Friday, November 24, 2017

Long Line of Love

The other day I was getting ready for school and I pulled out a necklace that I'd put away a while ago. There's nothing wrong with it. It's an unusual piece and I adore it. I just don't wear gold jewelry. I lean toward silver or, better yet, stainless steel. But as I was preparing to leave the house, this piece spoke to me. And it hasn't left my neck since.

When my grandma died, there was one piece of her jewelry I wanted more than anything. I remember asking for it and no one cared for it. It wasn't something they would wear. What's funny is that no one knew the story behind it. Grandma had only bothered to tell me.
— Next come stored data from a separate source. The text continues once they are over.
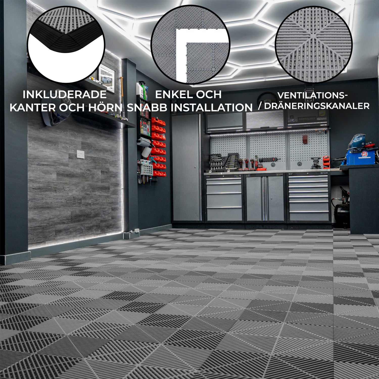 Det är inte bara ett skyddande golv utan även en estetisk förbättring av ditt utrymme. De stiliga Grå plattorna ger en ren och modern estetik som höjer vilket garage eller verkstad som helst, och gör det till en plats du kommer vara stolt över att visa upp eller njuta av att tillbringa tid i. Underhållet är enkelt – du behöver bara sopa eller spola av plattorna vid behov för att hålla dem som nya.
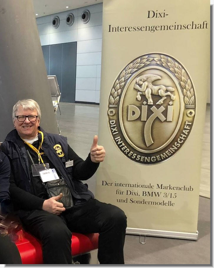 Der erste Clubpräsident dieses internationalen Clubs war Prof. Dr. Gottfried Müller. Das Foto zeigt ihn auf dem Clubstand bei der Retro Classic in Stuttgart. Inzwischen ist der Nachfolger Günter Reimer.
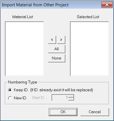 Material data to be imported and register the data in the Selected List. Numbering Type of Material Specify the Import mode for material property numbers. Keep ID Import
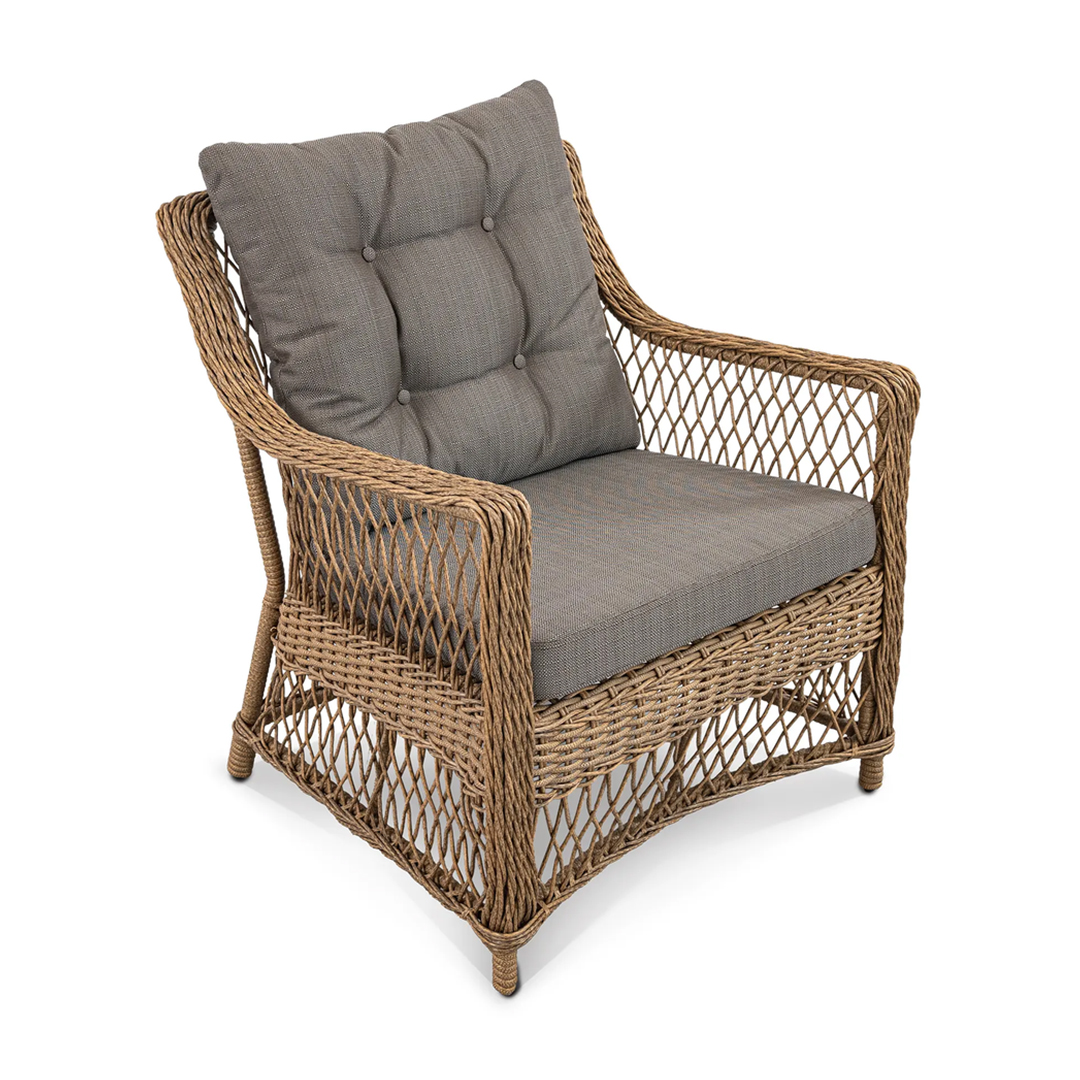 Кресло ИМПЕРО сочетает элегантный силуэт, комфорт и надёжность. Высокая спинка обеспечивает эргономичную поддержку, а прочный алюминиевый каркас, скрытый под аккуратным плетением из искусственного ротанга, гарантирует долговечность и устойчивость к нагрузкам до 120 кг. Идеальный выбор для обустройства лаунж-зон на террасе, в саду или на веранде.
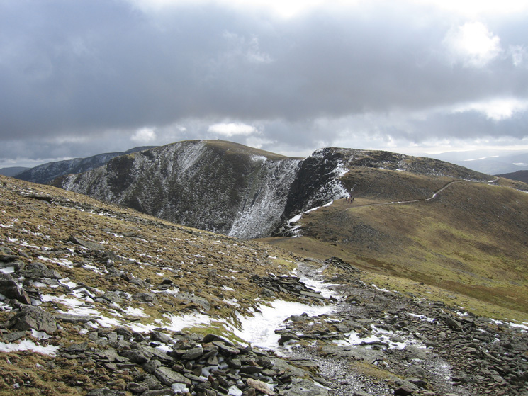 The path to Swallow Scarth and Nethermost Pike from Helvellyn's summit
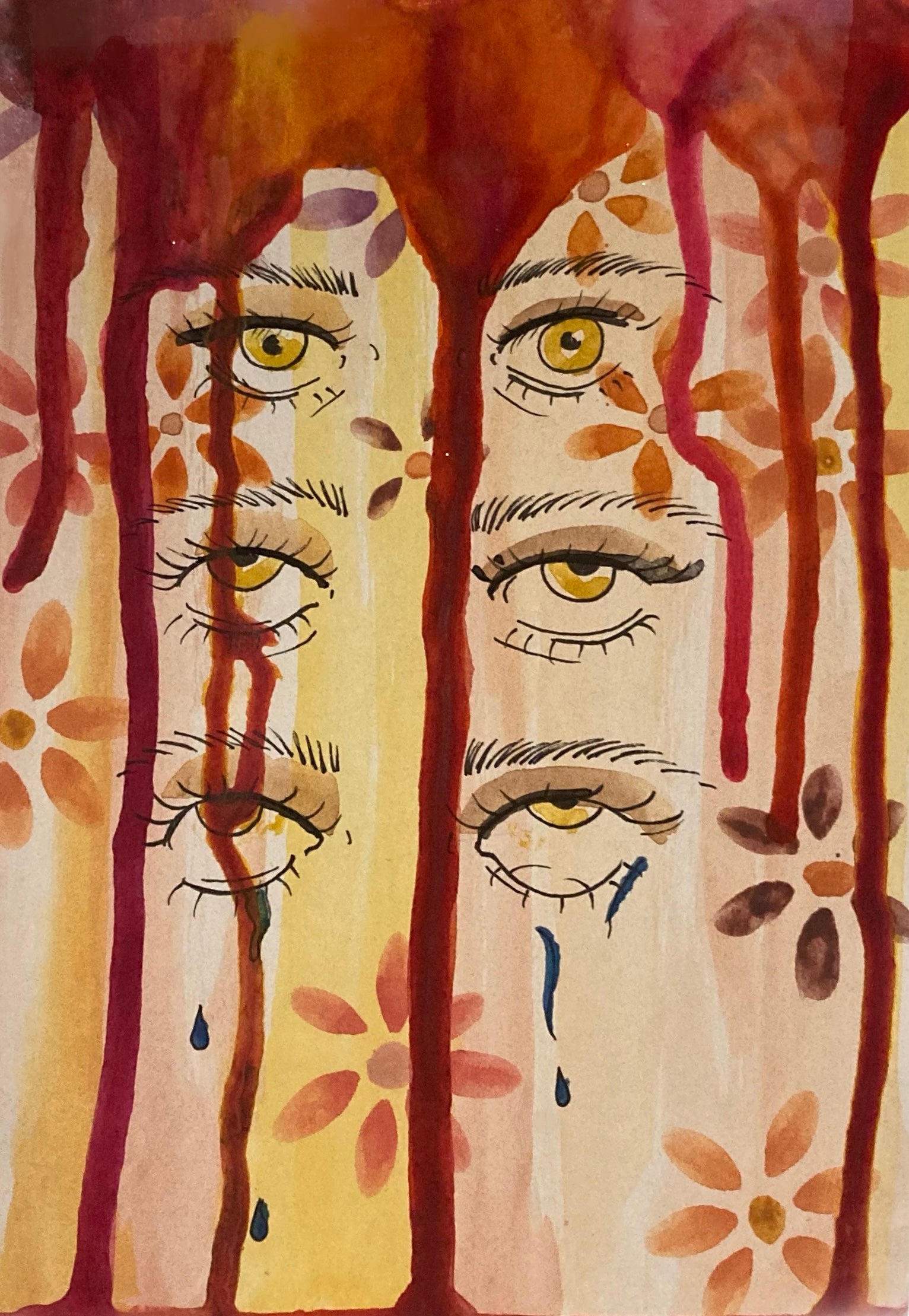 A painting and drawing of the psychological impact of anxiety, showing the physical manifestation of the confinement it brings.
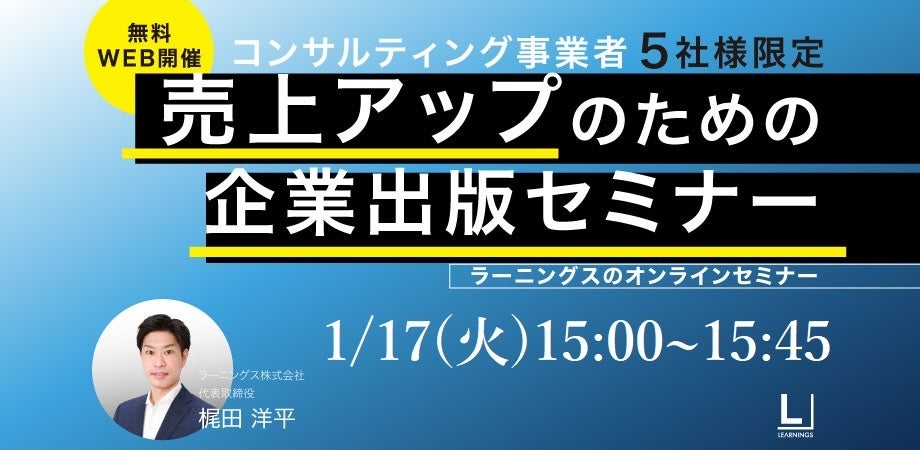 ラーニングス株式会社(本社:東京都渋谷区 代表取締役:梶田洋平 以下「ラーニングス」)は、1月17日(火)に【コンサルティング事業者5社様限定】売上アップのための企業出版セミナーをオンラインで開催します。
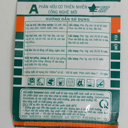 B: 125ppm; Fe: 200ppm; Mn: 10ppm; Cu: 30ppm; Zn: 65ppm; Cytokinin: 600ppm; Auxin: 37ppm; Gibberellin: 21ppm, Axit Amin (Alanin; Arginin; Threonin; Cystin; Serin; Glycin; Histidin; Valin; Isoleucin; Leucin; Lysin; Prolin; Methionin; Phenylalanin; Tyrosin; Tryptophan; Glutamic amic Axit; Aspartic Axit; Mannitol; Laminarin; Alginic Axit): 5,39%;

My grandmother's father passed away in 1983 (I think it was). I was right around 11 years old. Grandma and Grandpa were divorced. Grandma, in a sentimental act unlike her, took her mother and father's wedding bands along with her and grandpa's bands to the jeweler. He melted the gold down and formed the pendant below.


I remember going with her to the jeweler to pick it up. She came out of the store, got into the car, and told me the story of the pendant. 

When times I got hard and I struggled financially, I had to sell a lot of my jewelry to have cash simply for groceries and gas. I often thought I would have to sell this piece, but my heart broke just thinking I might have to. Just when things were to the point where I was having to think of selling it, money would come through and I'd make it another month.

It is an odd looking piece and not something people would love to wear. However, it is a reminder to me...that I have come from a long line of love. During the holidays (and sometimes along the way), I need to be reminded of that.


Do you have something that reminds you of who you are or where you come from? Tell me about it, please!